DATA SEGMENT:
--- START ---

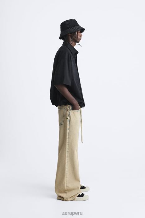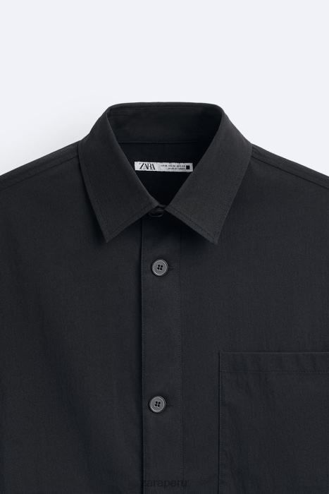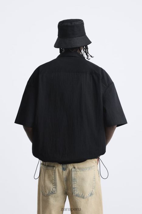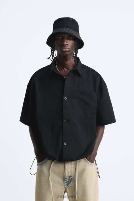 Camisa boxy fit confeccionada en tejido mezcla de algodón. Cuello italiano y manga corta. bolsillo de parche en el pecho. Bajo ajustable con elásticos laterales. cierre de botón frontal.
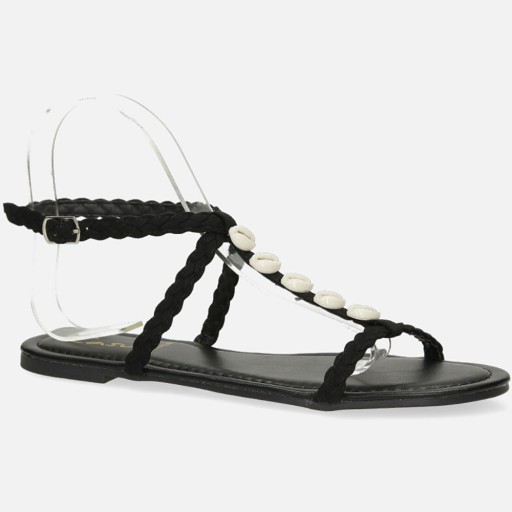 Czarne sandały płaskie z muszelkami Casu SN20X1/B
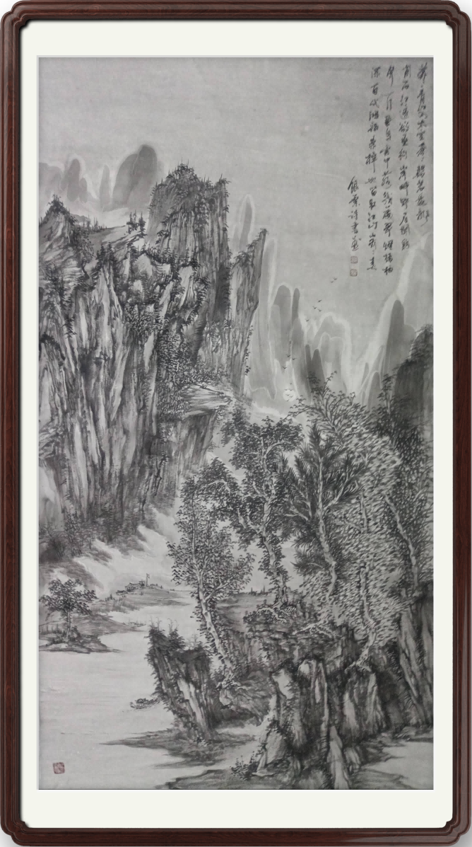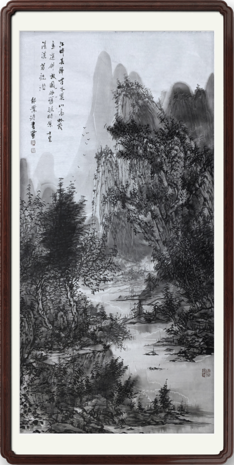 作为湖南新化人,他的创作始终根植于湘中腹地山水的灵感,故乡的风土人情,地理风貌,地域景观都成为了其作品的意象。古台山与紫鹊界的翠峰丛叠的韵律、资江两岸的浩渺烟波、大熊山的古寺与林泉,都在他的笔下提炼成为表达故土情怀的写意或象征性的视觉符号。例如《资滨清晓图》以资江晨雾为背景,通过淡墨皴染与焦墨勾皴的对比,再现了江水的蜿蜒清冽,赋予了画面“云根结,山郭浮”的诗意。是对故土地貌的凝练表达。故土的自然景致转化成了可以传承的文化记忆,更是他对故土情怀的深情表达。
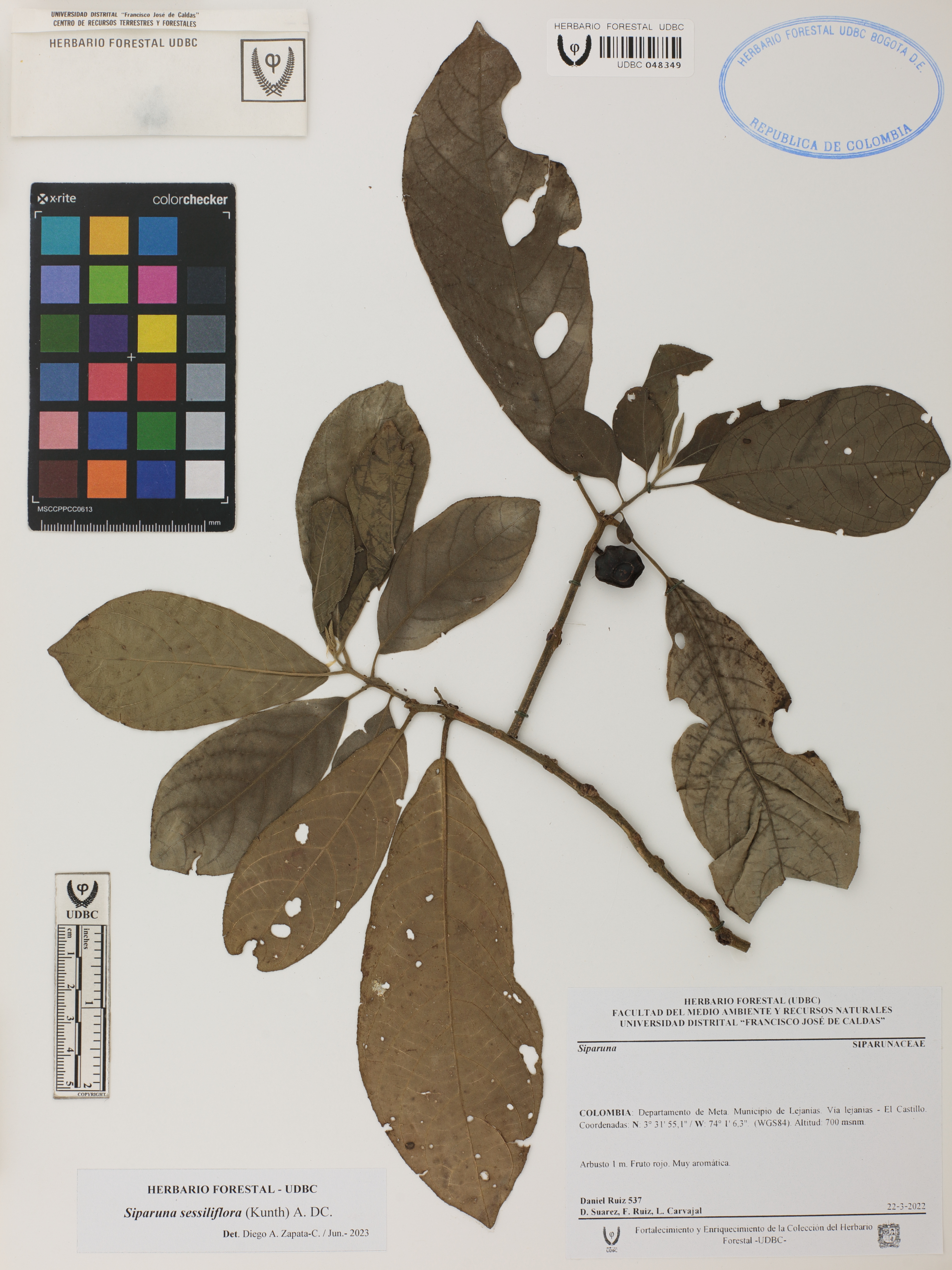 Fotografía del ejemplar Ruiz, Daniel 537, determinado como Siparuna sessiliflora en el año 2023

--- END ---

ACTIVITY: Return to the listing above and set it down exactly, leaving out its pictures.

ANSWER FOR THIS EXERCISE:
 Camisa boxy fit confeccionada en tejido mezcla de algodón. Cuello italiano y manga corta. bolsillo de parche en el pecho. Bajo ajustable con elásticos laterales. cierre de botón frontal.
 Czarne sandały płaskie z muszelkami Casu SN20X1/B
 作为湖南新化人,他的创作始终根植于湘中腹地山水的灵感,故乡的风土人情,地理风貌,地域景观都成为了其作品的意象。古台山与紫鹊界的翠峰丛叠的韵律、资江两岸的浩渺烟波、大熊山的古寺与林泉,都在他的笔下提炼成为表达故土情怀的写意或象征性的视觉符号。例如《资滨清晓图》以资江晨雾为背景,通过淡墨皴染与焦墨勾皴的对比,再现了江水的蜿蜒清冽,赋予了画面“云根结,山郭浮”的诗意。是对故土地貌的凝练表达。故土的自然景致转化成了可以传承的文化记忆,更是他对故土情怀的深情表达。
 Fotografía del ejemplar Ruiz, Daniel 537, determinado como Siparuna sessiliflora en el año 2023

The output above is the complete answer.